• _Instructions to follow_
The line containing "と言いつつ編み始めましたが…少し編んでイメージと違い^^;" marks the end; return exactly every line from the start of the records up to and including it, but no pictures.

Items from a data source:
________
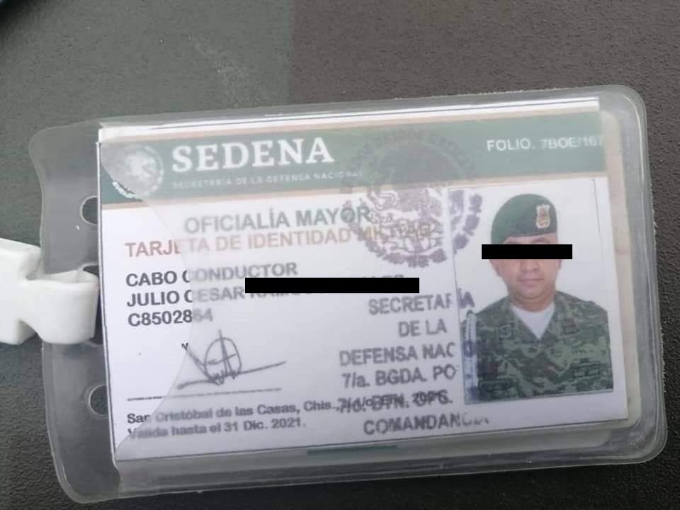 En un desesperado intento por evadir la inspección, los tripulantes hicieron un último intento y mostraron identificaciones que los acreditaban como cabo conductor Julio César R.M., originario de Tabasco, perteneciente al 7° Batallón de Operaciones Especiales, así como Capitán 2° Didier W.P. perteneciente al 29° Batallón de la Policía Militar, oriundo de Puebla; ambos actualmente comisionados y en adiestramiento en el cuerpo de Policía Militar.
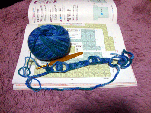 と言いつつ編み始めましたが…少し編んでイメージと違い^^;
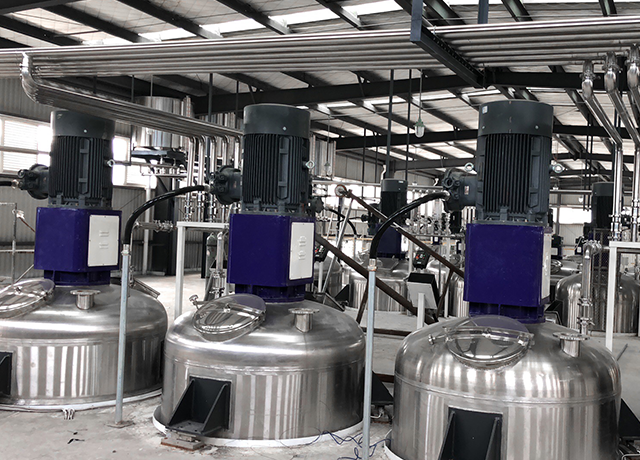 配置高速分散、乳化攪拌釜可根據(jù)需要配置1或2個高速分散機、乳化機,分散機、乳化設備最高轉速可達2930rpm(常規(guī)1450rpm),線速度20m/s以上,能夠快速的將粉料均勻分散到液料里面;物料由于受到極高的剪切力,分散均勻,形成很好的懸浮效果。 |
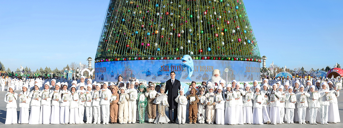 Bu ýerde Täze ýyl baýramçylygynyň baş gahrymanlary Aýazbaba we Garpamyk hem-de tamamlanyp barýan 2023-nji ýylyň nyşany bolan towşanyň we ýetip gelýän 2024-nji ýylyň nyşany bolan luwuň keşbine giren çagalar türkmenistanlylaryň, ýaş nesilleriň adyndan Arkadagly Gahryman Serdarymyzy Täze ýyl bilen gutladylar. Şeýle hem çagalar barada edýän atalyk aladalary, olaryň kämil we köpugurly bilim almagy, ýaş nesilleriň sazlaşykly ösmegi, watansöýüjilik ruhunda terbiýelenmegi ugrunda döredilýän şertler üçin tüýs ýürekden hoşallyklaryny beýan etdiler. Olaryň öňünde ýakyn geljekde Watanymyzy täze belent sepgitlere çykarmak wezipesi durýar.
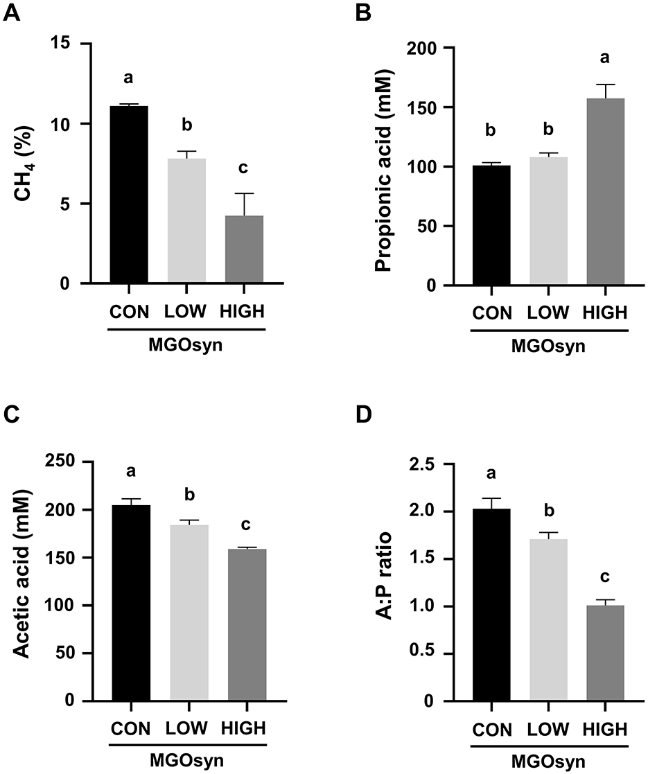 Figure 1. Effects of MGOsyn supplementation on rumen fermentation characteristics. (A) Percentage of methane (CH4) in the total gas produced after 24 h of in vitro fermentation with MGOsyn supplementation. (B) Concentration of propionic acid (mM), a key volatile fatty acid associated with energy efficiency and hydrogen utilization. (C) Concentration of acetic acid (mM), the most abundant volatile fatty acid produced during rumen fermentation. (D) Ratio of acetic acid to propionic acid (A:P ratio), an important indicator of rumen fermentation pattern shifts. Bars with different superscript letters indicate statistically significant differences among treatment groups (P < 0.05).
________
• _Solution for this problem_
 En un desesperado intento por evadir la inspección, los tripulantes hicieron un último intento y mostraron identificaciones que los acreditaban como cabo conductor Julio César R.M., originario de Tabasco, perteneciente al 7° Batallón de Operaciones Especiales, así como Capitán 2° Didier W.P. perteneciente al 29° Batallón de la Policía Militar, oriundo de Puebla; ambos actualmente comisionados y en adiestramiento en el cuerpo de Policía Militar.
 と言いつつ編み始めましたが…少し編んでイメージと違い^^;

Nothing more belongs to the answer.